▸ **PROBLEM TO SOLVE**
Copy the listing below line for line, from its opening line to the one with "Flot sofa med", both included; stop there.

▸ **DATA PROVIDED**
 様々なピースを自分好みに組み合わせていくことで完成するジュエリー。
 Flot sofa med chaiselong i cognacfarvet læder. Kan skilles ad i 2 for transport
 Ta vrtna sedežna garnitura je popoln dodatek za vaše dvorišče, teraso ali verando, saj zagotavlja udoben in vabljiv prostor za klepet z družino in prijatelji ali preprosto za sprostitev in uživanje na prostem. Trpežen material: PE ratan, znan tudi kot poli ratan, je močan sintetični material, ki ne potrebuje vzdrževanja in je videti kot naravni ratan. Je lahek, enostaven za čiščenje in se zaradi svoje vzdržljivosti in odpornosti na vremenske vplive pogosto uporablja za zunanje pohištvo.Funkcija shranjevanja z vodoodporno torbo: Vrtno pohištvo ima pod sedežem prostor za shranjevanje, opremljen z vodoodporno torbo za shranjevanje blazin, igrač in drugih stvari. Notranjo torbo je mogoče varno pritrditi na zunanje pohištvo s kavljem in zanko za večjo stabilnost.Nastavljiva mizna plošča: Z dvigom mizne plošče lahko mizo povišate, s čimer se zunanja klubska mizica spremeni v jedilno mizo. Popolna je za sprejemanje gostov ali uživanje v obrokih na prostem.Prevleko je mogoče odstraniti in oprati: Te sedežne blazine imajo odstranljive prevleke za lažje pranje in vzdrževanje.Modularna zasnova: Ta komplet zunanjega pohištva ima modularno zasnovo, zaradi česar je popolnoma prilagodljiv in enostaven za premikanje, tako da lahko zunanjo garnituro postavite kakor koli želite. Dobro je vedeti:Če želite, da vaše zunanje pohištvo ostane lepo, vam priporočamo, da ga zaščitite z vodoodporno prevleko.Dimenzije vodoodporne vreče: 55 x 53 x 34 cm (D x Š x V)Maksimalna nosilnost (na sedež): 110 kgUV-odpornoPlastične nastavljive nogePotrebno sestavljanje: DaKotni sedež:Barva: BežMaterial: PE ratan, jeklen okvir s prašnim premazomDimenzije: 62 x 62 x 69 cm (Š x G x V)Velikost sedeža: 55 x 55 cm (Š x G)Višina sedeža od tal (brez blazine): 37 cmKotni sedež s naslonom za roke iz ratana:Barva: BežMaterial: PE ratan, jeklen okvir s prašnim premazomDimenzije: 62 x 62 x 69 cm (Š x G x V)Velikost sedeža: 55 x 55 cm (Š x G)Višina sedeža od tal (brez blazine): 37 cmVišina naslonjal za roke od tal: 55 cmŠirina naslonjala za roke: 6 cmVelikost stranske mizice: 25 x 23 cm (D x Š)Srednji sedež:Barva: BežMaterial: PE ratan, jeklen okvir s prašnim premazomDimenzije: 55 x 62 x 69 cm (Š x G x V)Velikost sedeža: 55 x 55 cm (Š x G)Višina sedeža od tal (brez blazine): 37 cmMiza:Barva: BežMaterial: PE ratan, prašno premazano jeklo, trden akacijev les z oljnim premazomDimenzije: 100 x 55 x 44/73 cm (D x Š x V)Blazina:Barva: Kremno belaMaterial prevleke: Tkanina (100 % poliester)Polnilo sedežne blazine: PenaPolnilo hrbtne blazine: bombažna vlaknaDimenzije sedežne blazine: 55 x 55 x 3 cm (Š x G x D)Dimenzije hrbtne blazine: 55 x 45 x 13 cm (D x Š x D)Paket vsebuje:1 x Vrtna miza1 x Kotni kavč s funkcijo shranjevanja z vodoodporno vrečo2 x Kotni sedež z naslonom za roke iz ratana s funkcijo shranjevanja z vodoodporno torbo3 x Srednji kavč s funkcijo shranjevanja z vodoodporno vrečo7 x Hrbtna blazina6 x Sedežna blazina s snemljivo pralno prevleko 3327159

▸ **SOLUTION BELOW**
 様々なピースを自分好みに組み合わせていくことで完成するジュエリー。
 Flot sofa med chaiselong i cognacfarvet læder. Kan skilles ad i 2 for transport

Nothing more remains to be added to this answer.